Кинокритик Панов проводил Шурочку, как всегда, до троллейбуса, он постоял и посмотрел ей вслед. Она из троллейбуса махала ладошкой, хотя ее толкали. Панов подумал о ней и о Толике Куренкове, которого никогда в жизни не видел: он подумал, как хороши драмы в кино и как нехороши в жизни, когда они в двух шагах от нас.
Дома Куренков только-только покормил дочку ужином, после чего он и дочка вместе мыли посуду. Сам Куренков был такой покладистый, смирный, что сердце у Шурочки подтаяло. Смуглота с его лица сошла, и худым он не казался: он казался обычным. Шурочка кинулась было сказать ему что-то ласковое, но передумала: новогодняя драка была еще слишком свежа в памяти, надо было выдержать строгость, и Шурочка сказала:
– Ты, Куренков, смотри мне!
Он кивнул. Он мыл посуду и кивнул ей: ты, мол, Куренкова, за меня не бойся теперь. И улыбнулся, тихий.
Однако прошло месяца три, ну четыре, и вот ясным весенним днем Шурочка позвонила с работы кинокритику Панову и сказала, что, кажется, началось опять: ее Куренков копит злобу.
– Ты не скучаешь в жизни, – ответил Панов, уже привычно вздохнув. Он как бы тоже нес часть ее креста. Говоря с ней по телефону, он не забывал, что иногда Шурочка сидит у него в постели и в обнаженных руках держит чашечку кофе.

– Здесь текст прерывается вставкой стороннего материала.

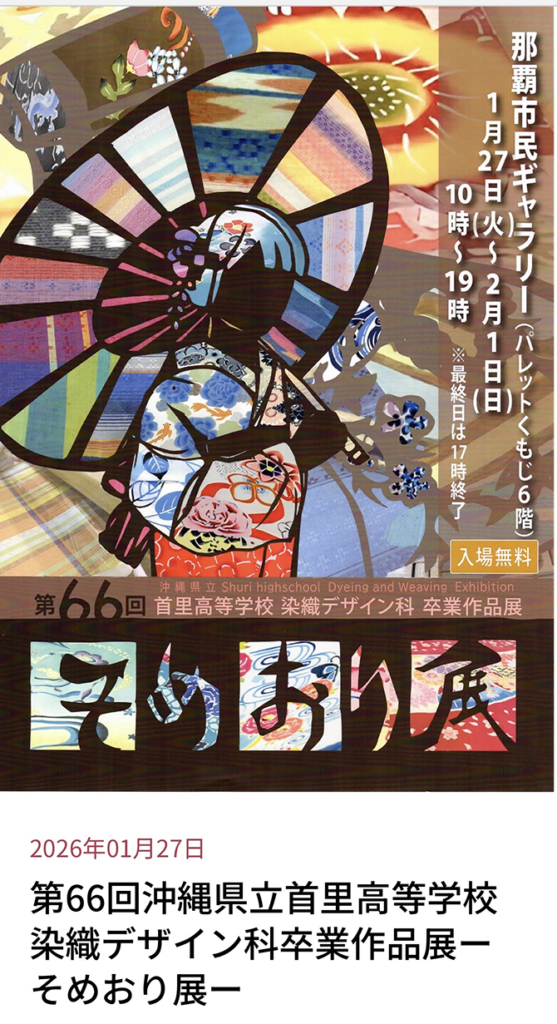 1月27日(火)からパレットくもじ6階にて、首里高等学校染織デザイン科卒業作品展「そめおり展」が開催中です。

Панов предположил: слушай, а ведь возможно, что твой Толик ревнует вашу компанию к новеньким. Возможно, что он (даже и неосознанно) оберегает друзей детства и саму память о детстве – такое бывает, есть даже особая разновидность психического смещения (он не сказал – заболевания). Но Шурочка возразила. Шурочка сказала: нет. Это верно, что они дружны, можно сказать, с детства, однако же компания – год от года – расширялась, и не ко всем же Куренков ревновал.
Шурочка вспомнила, как в детстве они ездили за грибами. Шурочка поссорилась тогда с Анькой, будущей женой Алика Зимина, – а Алик и Генка Скобелев их, девочек, мирили. Вдруг все заохали: Толик в кустах распорол ногу ржавой консервной банкой. Толик пытался отсосать кровь, но никак не мог попасть пяткой себе в рот. Все корчились от смеха. Пятку тщательно промыли, после чего Алик Зимин и Шурочка отсасывали ему кровь попеременно. Другие не захотели.
Ранка была похожа на темные выпятившиеся губы. Толик без передышки кричал, что ему щекотно. Он сидел возле пня, голову свесил набок – голова лежала на правом плече, а длинные белые волосы ниспадали. Он тогда редко стригся.
3
– …Разве этот Сыропевцев лучше всех? – спрашивал Куренков и сдувал пену с кружки. Он хотел выговориться.
Они пили пиво у палатки, где определилось с годами любимое их место, лучшее, как они считали, в районе и вообще лучшее в огромном городе место. Это было естественное возвышение, покрытое отчасти декоративной зеленью и кустами, да и сама палатка была чиста и опрятна. В придачу был вид: внизу растекалась широкая, с размахом, площадь, где троллейбусы делали круг и где люди, с их авоськами и портфелями, четко видные, шли туда и обратно. Люди, если на миг их остановить, были как на картине.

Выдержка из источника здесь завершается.